I’ll give you an example, using PT→EN because I don’t speak JP. Let’s say Alice tells Bob “ma’ tu é uma nota de três pila, né?” (literally: “bu[t] you’re a three bucks bill, isn’t it?”) . A human translator will immediately notice a few things:

It’s an informal and regional register. If Alice typically uses this register, it’s part of her characterisation; else, it register shift is noteworthy. Either way, it’s meaningful.
There’s an idiom there; “nota de três pila” (three bucks bill). It conveys some[thing/one] is blatantly false.
There’s a rhetorical question, worded like an accusation. The scene dictates how it should be interpreted.

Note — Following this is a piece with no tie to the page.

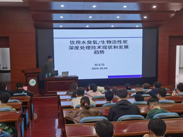 学院二楼报告厅,为学院师生做了一场题为“饮用水臭氧/生物活性炭深度处理技术现状和发展趋势”的学术报告。报告会由环境学院副院长潘杨主持,相关专业师生参加了本次报告。

So depending on the context, the translator might translate this as “ain’t ya full of shit…”, or perhaps “wow, you’re as fake as Monopoly money, arentcha?”. Now, check how chatbots do it:

GPT-4o mini: “But you’re a three-buck note, right?”
Llama 4 Scout: “But you are a three-dollar bill, aren’t you?”; or “You’re a three-dollar bill, right?” (it offers both alternatives)

Both miss the mark. If you talk about three dollar bills in English, lots of people associate it with gay people, creating an association that simply does not exist in the original. The extremely informal and regional register is gone, as well as the accusatory tone.

With Claude shitting this pile of idiocy, that I had to screenshot because otherwise people wouldn’t believe me:

[This is wrong on so many levels I don’t… I don’t even…]

This is what you get for AI translations between two IE languages in the same Sprachbund, that’ll often do things in a similar way. It gets way worse for Japanese → English - because they’re languages from different families, different cultures, that didn’t historically interact that much. It’s like the dumb shit above, multiplied by ten.

If they’re not good enough, another business can offer better translations as a differentiator.

That “business” is called watching pirated anime with fan subs, made by people who genuinely enjoy anime and want others to enjoy it too.